+++ Recorded information

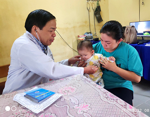 Khám sàng lọc và thực hiện tiêm chủng cho trẻ tại TYT Điền Lộc, huyện Phong Điền
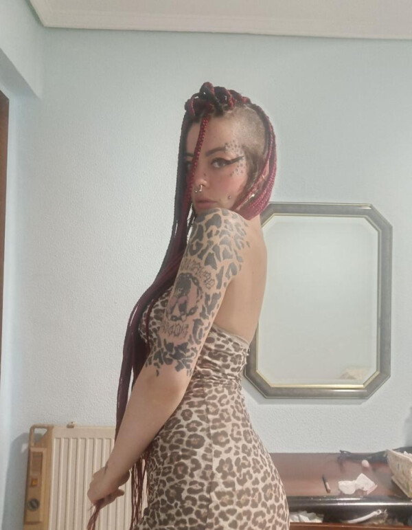 Muy tatuada, con muchos pendientes y con las cosas bien claras. Dispuesta a y con un buen piso y buena higiene
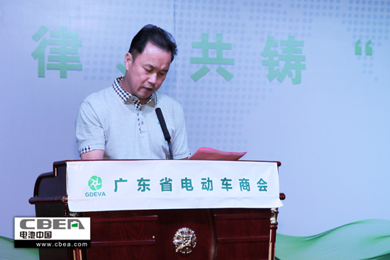 图为广东省电动车商会首任会长孙木钳介绍商会情况

++++++

• Exercise directions:
Reproduce, exactly and with no pictures, the lines from the line containing "Muy tatuada, con" through the closing line of the data above, keeping both ends.

• Finished exercise:
 Muy tatuada, con muchos pendientes y con las cosas bien claras. Dispuesta a y con un buen piso y buena higiene
 图为广东省电动车商会首任会长孙木钳介绍商会情况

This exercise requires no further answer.